Non-Internalized Lessons

July 30th, 2021 by Potato

It’s been a hard slog for mental health this last year. Tough on physical health, too.

Err… year and a half. Damn.

Anyway, it just never seems to end.

There are some things we can do to help cope better, of course. They’re not panaceas, but they can help at least a little. The thing is, I have never managed to internalize those lessons.

Some pretty basic things can help with mood and energy levels: if I do some exercise, if I eat some fresh fruit, and I do it consistently, I’ll start to feel a little better in about 2 weeks. I’ve done enough tests with getting into a depressive funk where I don’t do those things and then forcing myself to do them again and it helps (not a full cure, but helpful).

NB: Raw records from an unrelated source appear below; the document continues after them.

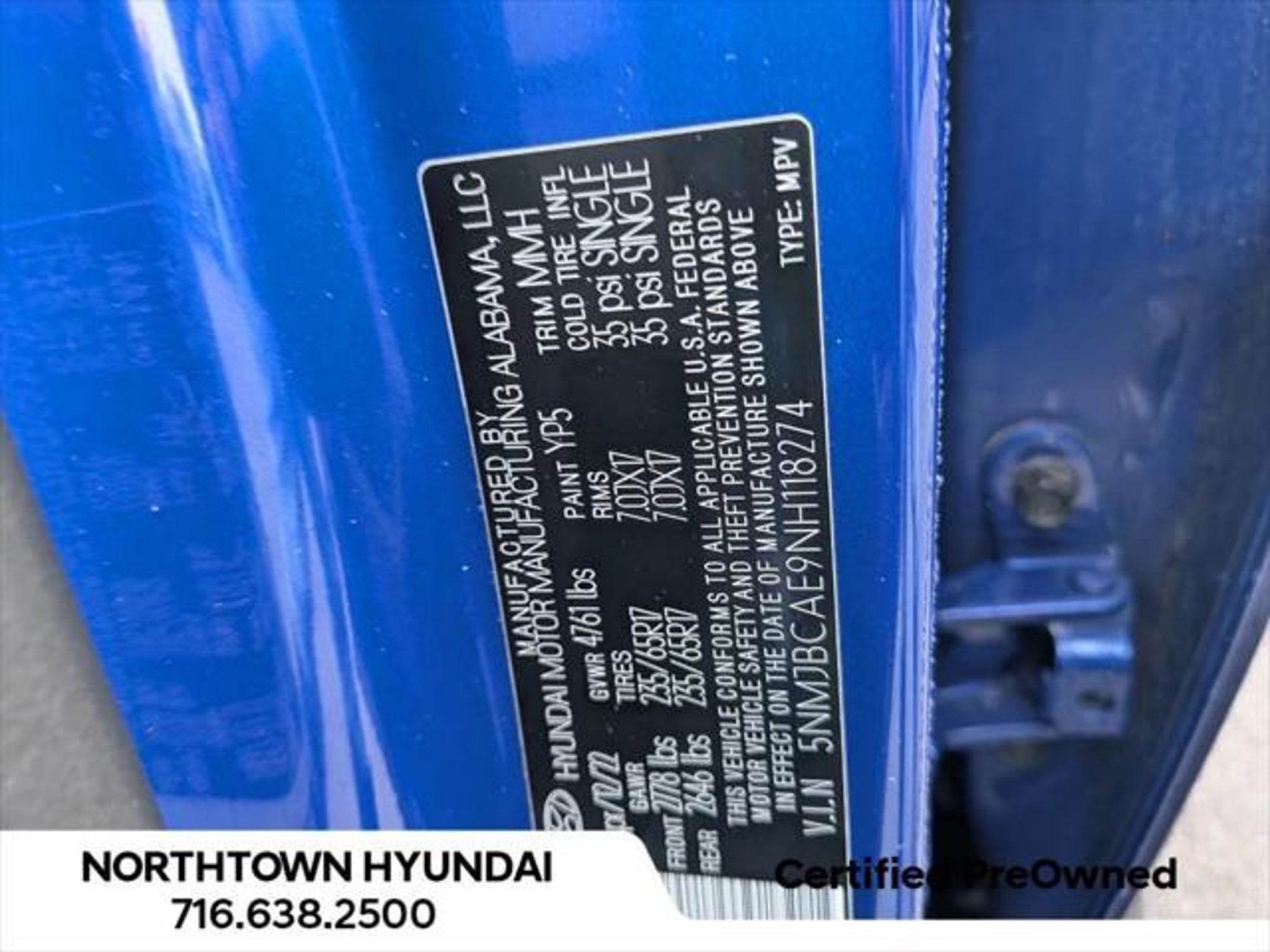 5NMJBCAE9NH118274 |
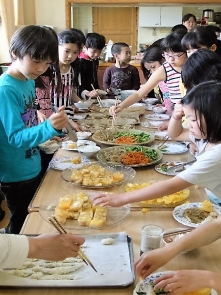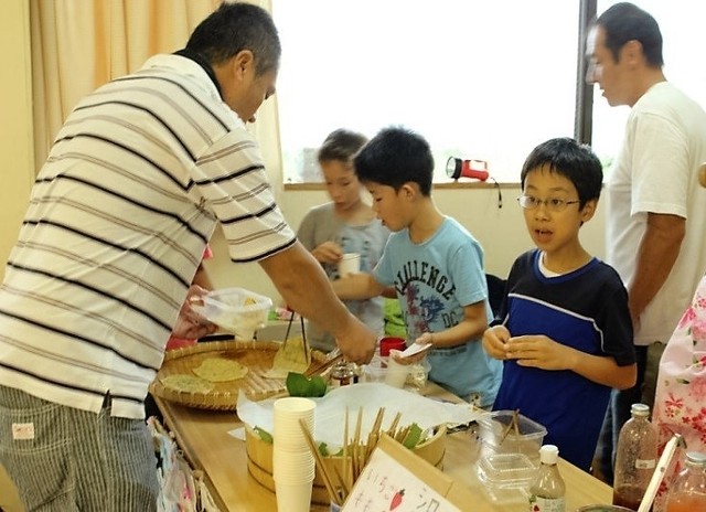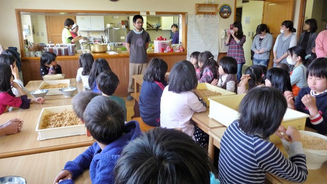 びわこ☆1・2・3キャンプでは、子どもたちが自分の生き方を人任せにせず、自分で考えて、行動できる大人になって欲しいという願いから、放射能のこと、平和のこと、食べ物のことなどを話してくださる講師を招いて勉強会を開いています。特に、食は直接身体の元になり健康にとって最も大切なものであるため、放射能だけでなく、添加物や 農薬などにも気をつけなければならないことや、手作りの大切さを伝えています。また、毎日の食事作りの手伝いで出汁の取り方を教えたり、春 キャンプの期間に翌年のキャンプに備えてみんなで味噌作りをしたりします。そのため、キャンプのお土産を買うときなどに原材料のラベルを確認 したり、お家の方から 「苦手だった味噌汁が好きになり、ファーストフードを食べたがらなくなりました。」と聞くようになりました。
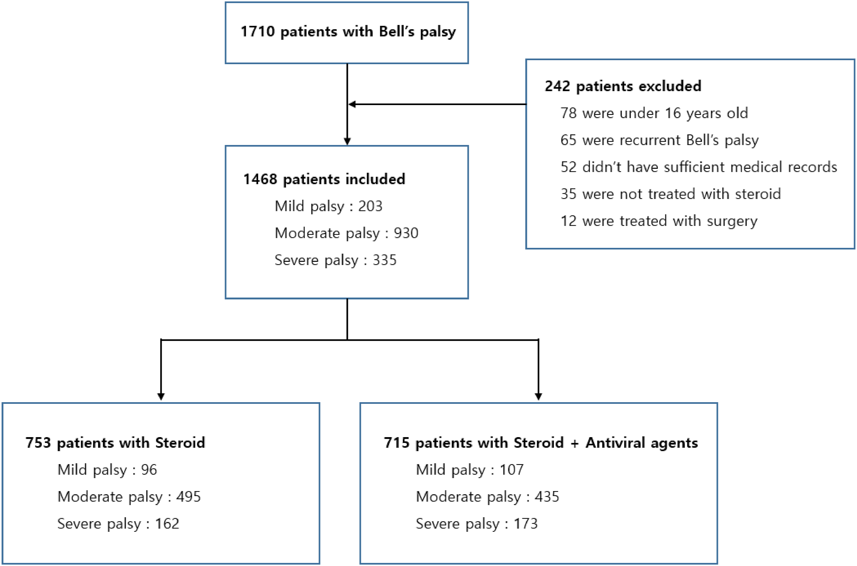 From January 2005 to December 2019, the records of 1710 Bell’s palsy patients who visited Kyung Hee University Hospital were reviewed retrospectively. Of these, 335 (19.6%) patients were diagnosed with severe Bell’s palsy, with 162 patients treated with steroids alone and 173 patients treated with combinations of steroids and antiviral agents. The outcomes of treatment were assessed using the House–Brackmann (H-B) grade according to age, sex, hypertension, diabetes, and obesity.
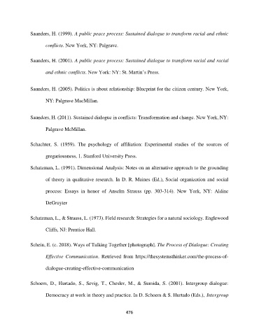 Saunders, H. (2011). Sustained dialogue in conflicts: Transformation and change. New York, NY:
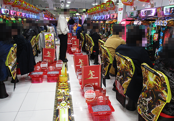 4円パチンコでは、「ぱちんこCR真・北斗無双」と「ぱちんこCR北斗の拳6 拳王」が大盛り上がり。機種の性能を最大限に引き出しているような姿が多く、華やかな光景がシマ全体に広がっていた。
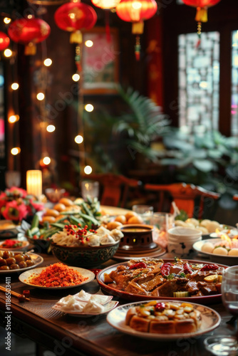 chinese, new year, decoration, family, dinner, setting, traditional, dish, table, warm, lighting, harmony, atmosphere, celebration, lantern, red, gold, auspicious, gathering, joy, culture, festive, reunion, cookery, chopstick, pattern, blessing, dumpling, symbol, herbal, tea, rice, noodle, serenity, togetherness, orange, flower, infuriated, heritage, delicacy, sweet, wishes, ambience, rice-cakes, jade, prosperity, elegance
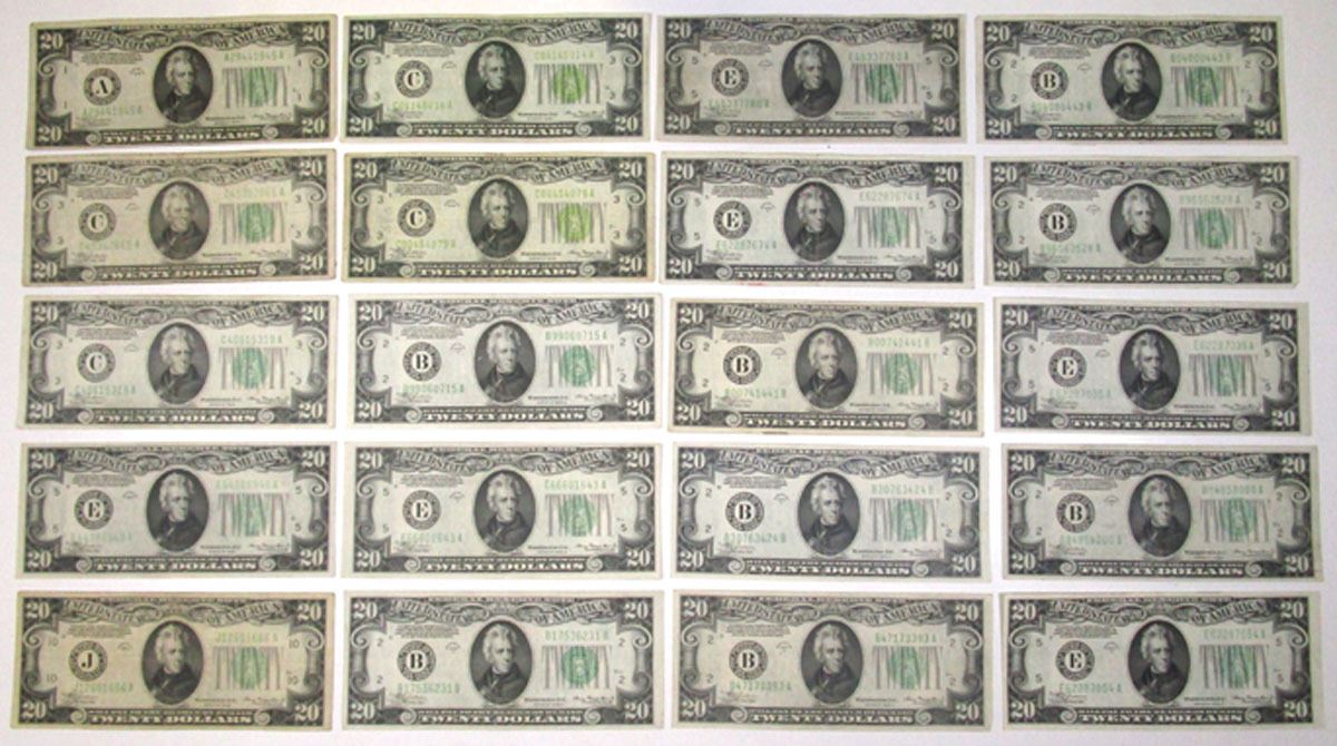 Various States, 1934. Lot of 20 Issued Federal Reserve Notes, Includes: $20, Series of 1934, Fr.# 2054 (7) and $20, Series of 1934A, Fr.# 2055 (13). Notes all have Green seals at right, Julian | Morgenthau signatures, and range from VF to AU condition. (U.S. Face Value is $400), (20).

So I try, every day, to at least go for a walk and it’s such an easy sounding thing to do and yet so hard. The eating is even harder — pandemic baking and potato chips have done a real number on my diet, but I consciously work in at least one piece of fresh fruit.

Then someone posted this meme of a determined/upset-looking bald eagle and that has become my new slogan. “I’m going on a stupid walk for my stupid mental and physical health. See you in an hour.” and I repeat it each night.

It’s still not a habit, and it’s still not an internalized lesson — I very much consciously get up and go for that walk (and repeat my refrain about my stupid mental and physical health). Maybe one day I’ll be one of those people who jumps out of bed and then exercises before staring the day, though that has always sounded just terrible to me. I also have to try to remember the gremlin rule: no snacking after midnight (I mean, no snacking ever would be even more effective but it’s not as cute and super-hard).

Am I feeling better now that it’s been a few months of semi-consistent bare minimum self-care? I don’t know, I guess, a little.

I think there was also something about sleep? Crap, forgot about that one.

Anyway, I think because the effects are so delayed I never learn that lesson. I don’t often feel energized after exercising, I feel tired and sweaty — but after a few weeks of doing it every day, I do feel more energized. But such a long stimulus-response delay keeps me from internalizing that message, and without that constant conscious effort, I quickly slip back into slothful inaction.

I can of course relate that back to investing: there are lots of lessons that aren’t easily internalized and we have to keep reminding ourselves of. Market timing and adding complexity are two that immediately spring to mind, especially in the current age of meme stonks and bubble warnings.